Getting Started with Spark
Apache Spark is the most important open-source project in the field of big data today. It offers the ability to process big data using commodity hardware, and is effectively the successor to Hadoop MapReduce. Many organizations today are replacing MapReduce with Spark.
This chapter describes Spark Core, which is the foundation stone of the Spark offering. We take a look at the Spark architecture, and explain terms such as Worker Node, Driver Program, Cluster Manager, Executor, and Task. We also discuss important Spark concepts such as shuffling, jobs, and stages.
The chapter also introduces the Spark Shell, and shows how to start writing simple scripts to manipulate data using the REPL interface.

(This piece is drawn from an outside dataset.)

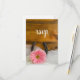 Anpassa det Westerna Bröllop OSA-kortet för rustic chic Rosa Daisy och Horseshoe Land med det specifika giftermål-svarsdatumet. De här charmerande anpassningsbarna Rustic chic ranch stil r.s.v.p.-responskorten har ett fyrkantsfotografi av en ljus rosa blommar av blommor av daisy, vitpärlhalshalsband och rostbildande hästskon med vit möhippa och en vall av barrträ.

Additional Big Data Technologies
This module investigates several key aspects of big data solutions:
- Data serialization formats
- Columnar storage
- Messaging systems
We explain each of these topics and discuss popular products and solutions in each case.
Introduction To Big Data
In this module you'll learn about fundamental big data concepts and technology. We describe the problems facing organizations today, who are confronted with the need to process massive datasets with high volume and velocity. We explain why relational databases are insufficient, and explore the features required in big data solutions.
We then take a detailed look at Hadoop. We explain the components of Hadoop - HDFS, MapReduce, and YARN. We also explain important terminology and explore the design goals of Hadoop: parallelization via commodity hardware and open-source software; scalability; fault tolerance; load balancing; and so on.
Getting Started Spark SQL
Spark SQL is a Spark library that runs on top of Spark, providing a higher-level abstraction than Spark Core for processing structured data.
This module introduces the key concepts of Spark SQL, showing how to create DFrames from a wide range of data sources including relational databases, NoSQL data sources, text formats, binary formats, data warehousing systems, and columnar storage systems. We then show how to formulate simple queries in Spark SQL using SQL, HiveQL, and language integrated queries.
Some applications require data to be processed and analysed in real time as it's collected - e.g. fraud detection in an e-commerce system, device failure detection in a data centre, etc.
Handling high-velocity data in real time is a challenge. An application running on a single machine probably can't handle it. A distributed stream processing framework addresses the issue. Spark Streaming is a distributed data stream processing framework that makes it easy to develop distributed applications for processing live data streams in near real time.
This module takes a detailed look at the Spark Streaming API. We describe how to create DStreams from various types of data sources, then explore how to process DStreams using a wide range of transformation operations and actions.
This module takes a detailed look at the Spark SQL DataFrame operations:
- Language-integrated query operations
- RDD operations
- Output operations
Machine learning is an area of computer science rooted in pattern matching and artificial intelligence. The goal is to create systems that learn and evolve based on the data that runs through the systems, rather than baking hard-coded logic into systems at the outset.
Spark has excellent support for machine learning. This module explains how it all fits together. We begin with a discussion of important concepts and terminology associated with machine learning, then take a detailed look at two Spark machine learning APIs - MLib and Spark ML. We'll show worked examples of both APIs, and compare and contrast their features.